# Prompt:
Leave every picture out and print exactly the lines that run from the one containing "[予約]刺繍シアーバルーンスリーブブラウス" to the end of the listing.

# Data block:
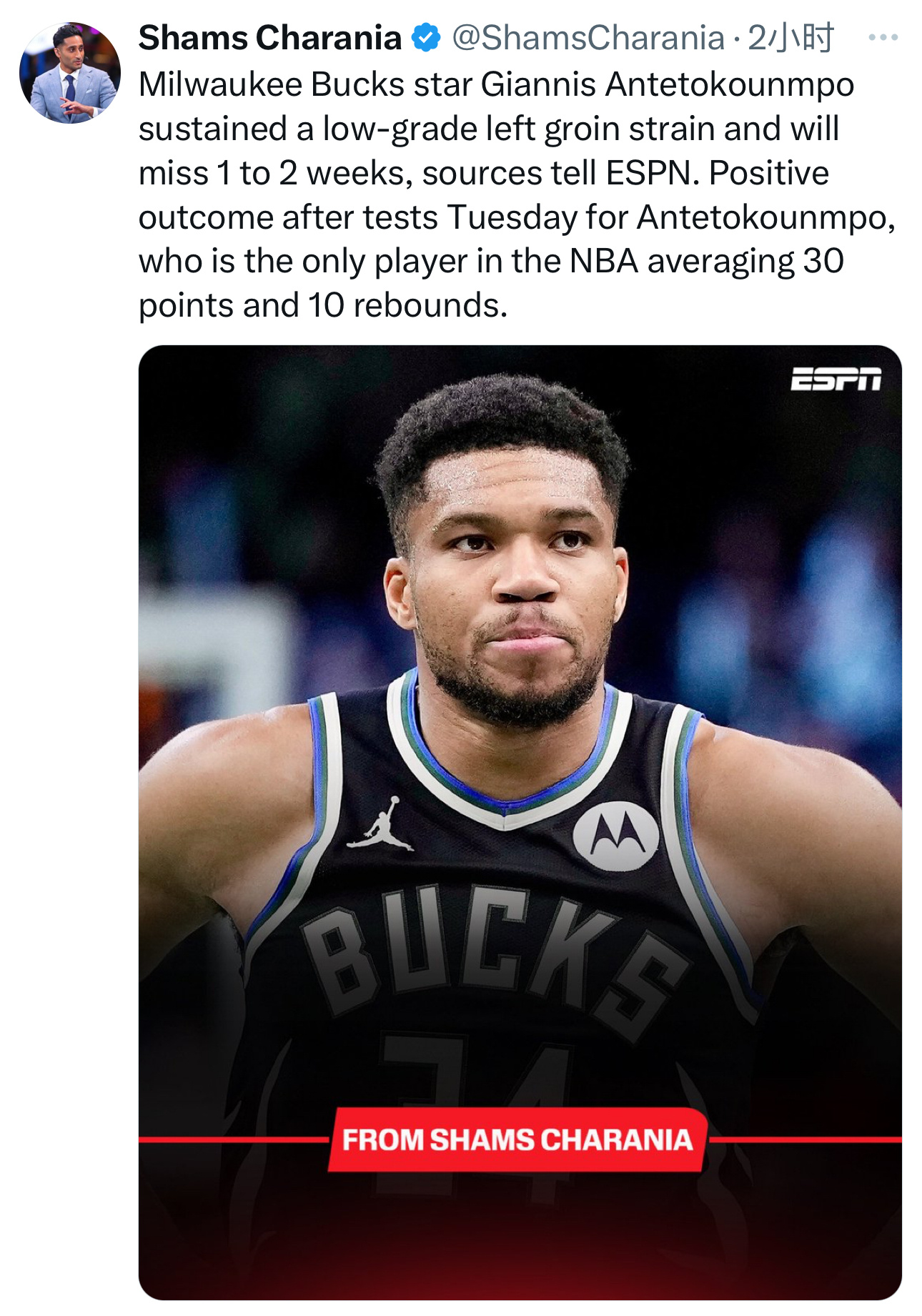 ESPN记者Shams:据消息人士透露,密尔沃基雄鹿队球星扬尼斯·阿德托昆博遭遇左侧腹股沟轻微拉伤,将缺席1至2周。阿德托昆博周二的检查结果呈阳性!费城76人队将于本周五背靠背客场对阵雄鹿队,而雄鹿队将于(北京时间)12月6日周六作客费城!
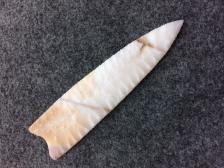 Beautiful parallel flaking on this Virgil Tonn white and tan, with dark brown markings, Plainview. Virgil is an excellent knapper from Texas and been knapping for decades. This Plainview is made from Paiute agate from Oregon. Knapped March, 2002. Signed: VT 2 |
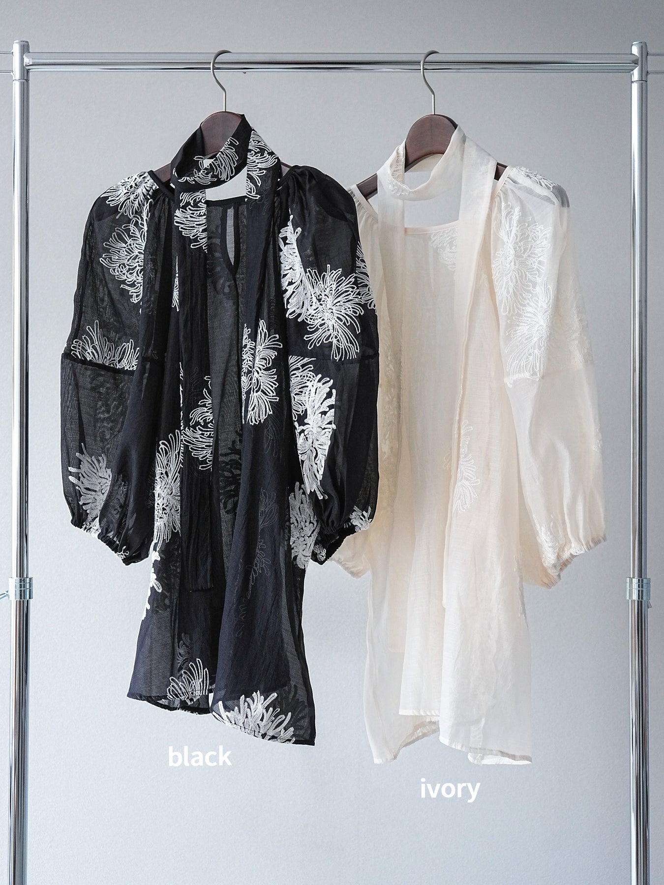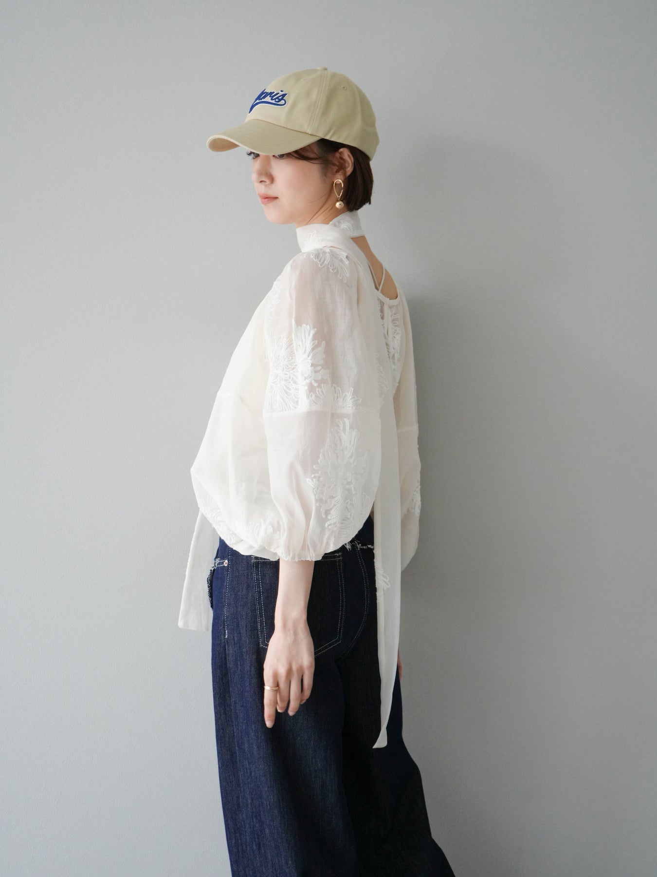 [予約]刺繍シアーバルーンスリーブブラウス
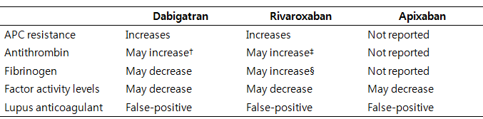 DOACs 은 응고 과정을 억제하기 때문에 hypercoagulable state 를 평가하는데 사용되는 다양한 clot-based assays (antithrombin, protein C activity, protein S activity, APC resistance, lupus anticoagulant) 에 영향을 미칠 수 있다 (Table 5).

# The completed task:
 [予約]刺繍シアーバルーンスリーブブラウス
 DOACs 은 응고 과정을 억제하기 때문에 hypercoagulable state 를 평가하는데 사용되는 다양한 clot-based assays (antithrombin, protein C activity, protein S activity, APC resistance, lupus anticoagulant) 에 영향을 미칠 수 있다 (Table 5).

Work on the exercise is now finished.